[INPUT]

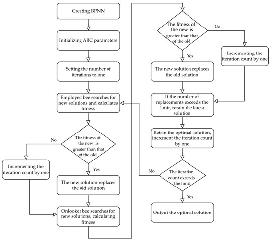 - Set the initial weights and thresholds of the BPNN according to the solution dimension (D). Define the position of the i-th employed bee’s random search solution as , and search for new solutions in its vicinity and record the positions.In the equation, represents the lower bound of the search range for the j-th element of each solution while represents the upper bound of the search range for the j-th element of each solution.
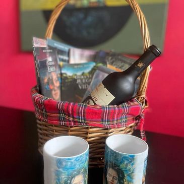 10 libros de la Editorial Arboleda, un vino y dos tazas con portadas de la colección
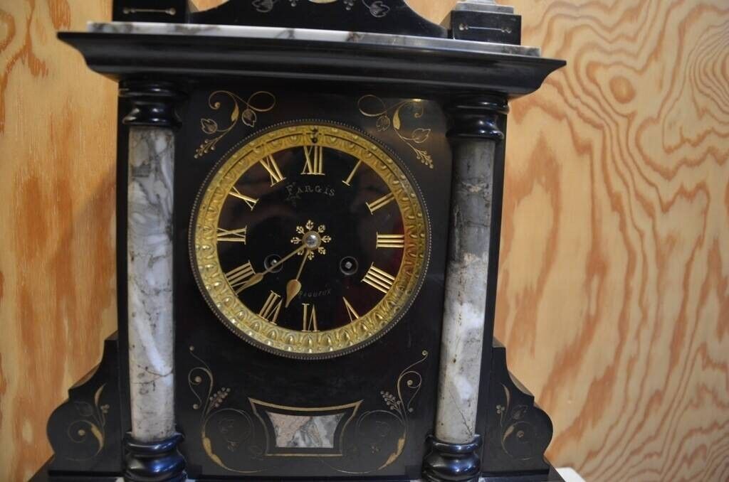 le cadran signé Fargis à Périgueux, indiquant les heures en chiffres arabes dorés, remontage à clefs.
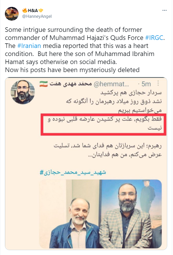 Un éminent Iranien a tweeté que Hejazi n’est pas mort d’une crise cardiaque, mais son poste a été supprimé presque immédiatement.
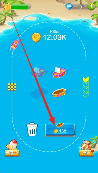 2、利用收集的金币解锁部分战舰,经合成进行升级,获取更多收益,尝试挑战实力处于中等水平的敌人。

[/INPUT]

Every line above is to be repeated exactly, but no picture is to appear in the copy.

REPLY TO THE TASK -
 - Set the initial weights and thresholds of the BPNN according to the solution dimension (D). Define the position of the i-th employed bee’s random search solution as , and search for new solutions in its vicinity and record the positions.In the equation, represents the lower bound of the search range for the j-th element of each solution while represents the upper bound of the search range for the j-th element of each solution.
 10 libros de la Editorial Arboleda, un vino y dos tazas con portadas de la colección
 le cadran signé Fargis à Périgueux, indiquant les heures en chiffres arabes dorés, remontage à clefs.
 Un éminent Iranien a tweeté que Hejazi n’est pas mort d’une crise cardiaque, mais son poste a été supprimé presque immédiatement.
 2、利用收集的金币解锁部分战舰,经合成进行升级,获取更多收益,尝试挑战实力处于中等水平的敌人。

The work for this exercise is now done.